“Fine. We’ll just talk tomorrow.”

I remember dreading the inconvenience of the situation before experiencing a wash of gratitude that I wasn’t hurt.

I called my roommate, asking if she would bring me a coat because it was Halloween already and the chill of winter was already rushing in.

I had been through this once before, so I approached it with more dignity and less passivity.

"The light had turned red, I needed to get out of the intersection. You plowed into me on a red."

He gaslit and he argued and he seemed more concerned with changing my story than the state of his white Nissan rogue.

I knew I could choose kindness toward this stranger, but I also wasn’t going to let him crush me.

My car, however, had its passenger seat door bent in from trying to make my left turn. I was defeated.

While the busy university neighbourhood watched over the situation like their life depended on it, I had some calls to make.

First to my parents, who were on their way to get me and helped calm my panic and frantic tears.

Next was you.

It was a weekday night and you were already asleep but I knew you’d get my call.

Stuttering and panicked about how I wouldn’t have a car for the next month, I cried on the phone.

Already feeling overwhelmed with an undiagnosed health scare, I blubbered out the situation to you.

Frustration and desperation were two emotions I wasn’t very comfortable with, but I couldn’t bottle them up anymore.

So I asked you to come.

I asked you to be there.

You said you had work in the morning.

You had to be up early.

The conversation lasted less than five minutes.

I don’t think I even tried begging.

And as I stood in the freezing cold outside a local pizza joint with strangers feeding me glances of pity and concern,

I pushed down this terrifying feeling boiling in my blood that you weren't being supportive enough.

and this wasn't enough.

All of the relationship books say that you should watch how someone reacts in crisis to know who they really are. To see their values and intentions, and get an idea of how they may impact you.
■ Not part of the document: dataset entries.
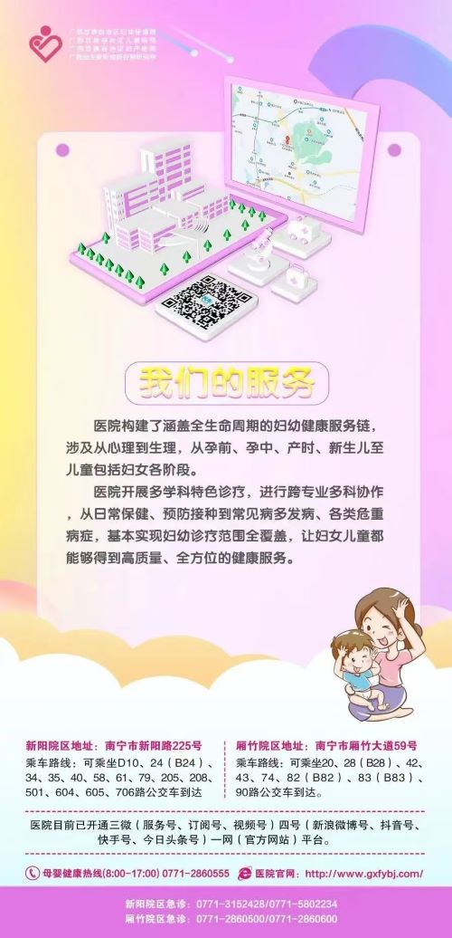 ☎母婴热线:0771-2860555,⏰服务时间:8:00-17:00。 ☎厢竹院区(儿童医疗中心)一站式服务中心:0771- 3918808,(妇产院区)一站式服务中心:0771-2860601, ⏰服务时间:每日07:30-18:00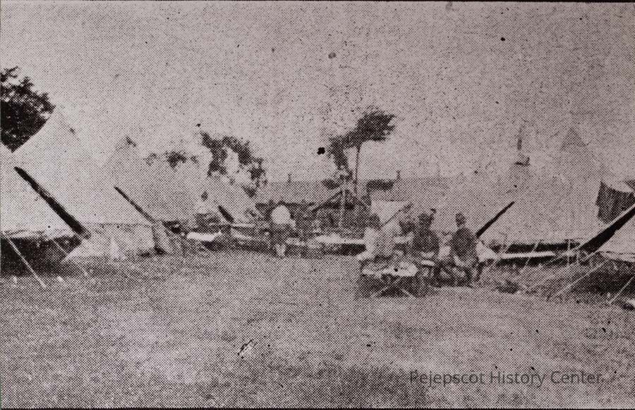A B/W photographic reproduction of the "company street before inspection." The photo depicts Brunswick's National Guard unit the (10th Co.) in Camp Preble, Portland during WW I. undated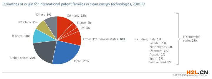 從主要的地區(qū)創(chuàng)新趨勢來看,自2000年以來,歐洲企業(yè)和研究機(jī)構(gòu)在低碳能源發(fā)明專利方面一直處于領(lǐng)先地位。在過去十年(2010-2019年)中,這些技術(shù)的所有國際專利族中,歐洲申請(qǐng)人占28%(僅德國就占12%),其次是日本(25%)、美國(20%)、韓國(10%)和中國 (8%)。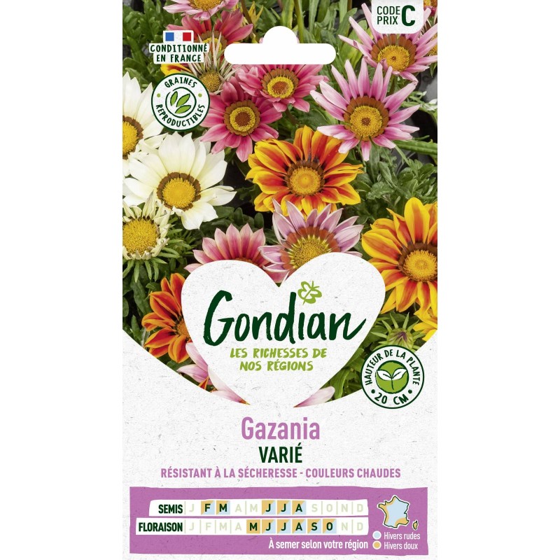 Plante se cultivant en 'vivace' dans le midi et en 'annuelle' dans les autres régions. Végétation vigoureuse. à port étalé. Tiges fortes et rigides. portant de grosses fleurs en forme de marguerite aux coloris vifs et variés. dans les tons jaune-orangé-pourpre. |
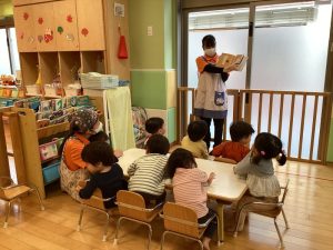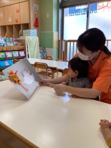 最初に様々な種類のきのこが登場する「いろいろきのこ」の絵本を読み聞かせしました📚
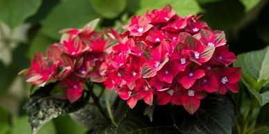 Glowing Embers (Hydrangea macrophylla 'Glowing Embers') is a compact mophead hydrangea with rich reddish-purple blooms that deepen as they age. It thrives in part shade with moist, well-drained soil and shows best color in slightly acidic to neutral conditions. Blooms on old wood, so prune only lightly. A dramatic and reliable variety for bold garden borders or shaded foundations.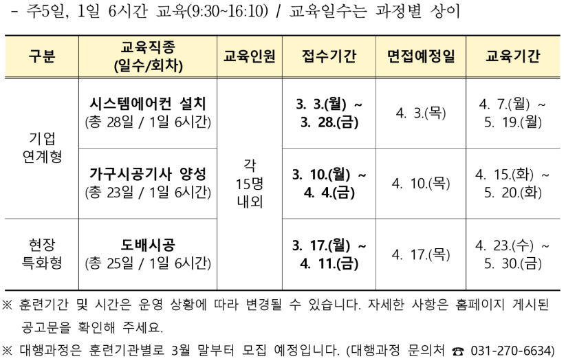 3월 3일 경기도일자리재단은 숙련건설기능인력 직영과정 1차 교육생 모집을 발표했습니다. 특히, 각 분야의 전문 인력을 양성하여 건설 현장의 효율성을 높이고자 합니다. 이번 내용에서는 시스템에어컨 설치 전문가, 가구시공기사, 도배시공 전문가 양성 과정을 알아보겠습니다.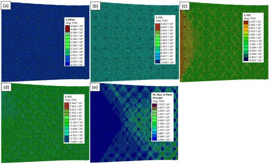 Simulation results for RVE−3 case: (a) σvm; (b) σxx; (c) σyy; (d) σxy; and (e) εmax distributions.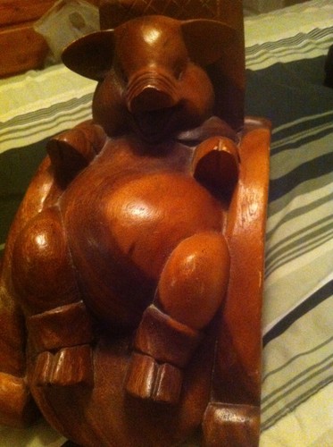 Vintage Solid Wood Hand Carved Pig In A Rocking Chair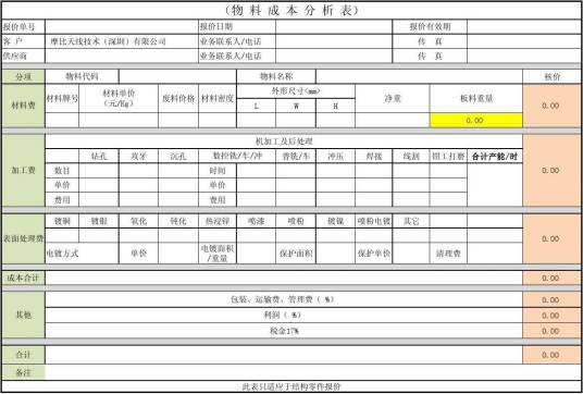 (3)物料采购金额巨大,成本分析有助于将来的议价工作。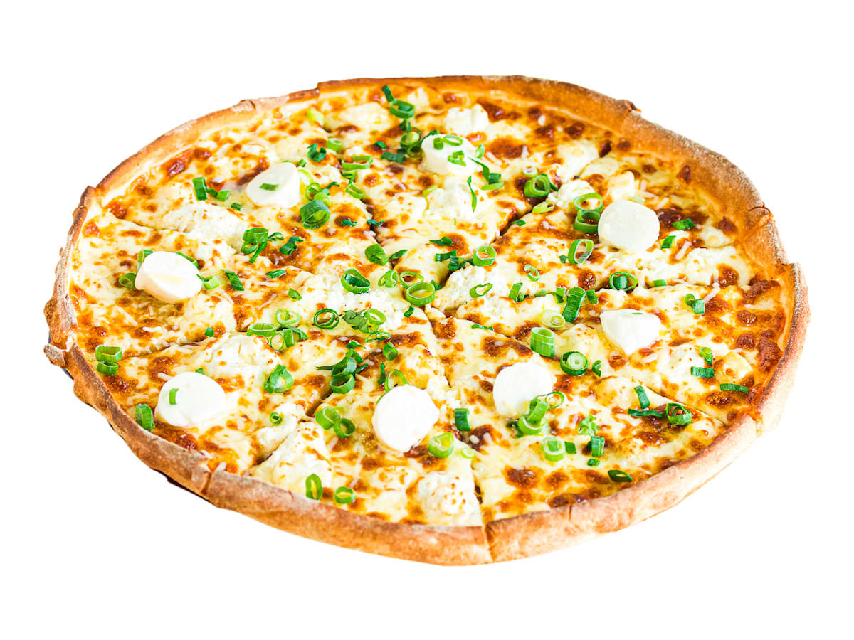 Crème fraîche sauce, cheese, feta cheese, bocconcini, parmesan topped with spring onionsChoose one
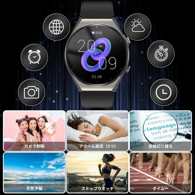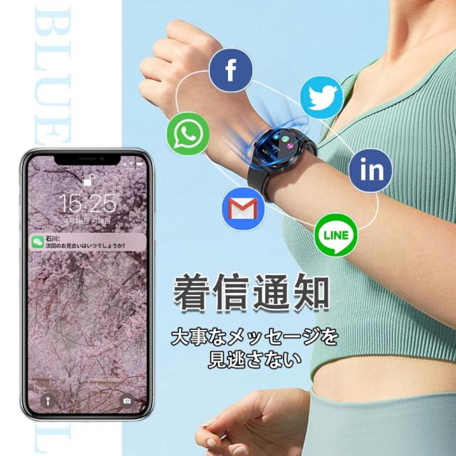 その他の機能:歩数、カロリー、距離、睡眠監視、スポーツ、通話リマインダー、アラームリマインダー、時計から手を上げる、Line、Facebook通知、遠距離でも家族や友人のための機能のリモートケア機能。

The problem was, the way you acted in crises when I met you was different than you were acting now.

Inevitably, you were changing.

Preventable, though, was you changing without me.

I believe that we get to make the choice to grow alongside the people in our lives.

It's either a commitment that we make each day, or we deal with the consequences of remaining indifferent and risk losing the people we love.

I pushed down the growing epiphany that not being supported through such a scary, difficult night was unacceptable to me.

My family and friends saw it, though, and I wish I hadn’t owned your inability to be there as my issue, and stood up for you.

Things worked out.

We were fine for many months - and I got a new, used car and clean bill of health within a few weeks or so.

But that feeling I ignored was coming from my gut, and it wasn’t going away.

I don’t blame you for changing, that’s the way this life works.

But I do know better now than to assume that someone can grow alongside me just because they love me.

This was the first night of many that I would battle with the tension of you and I becoming different people, but desperately wanting to stay the same, so we would still fit.

I thought I could just keep dismissing these feelings because I knew that you would be there again on a good day.

But in the back of my mind… that persistent voice kept wondering why you weren’t there on the bad days, too.

And why, more importantly, I was letting that happen.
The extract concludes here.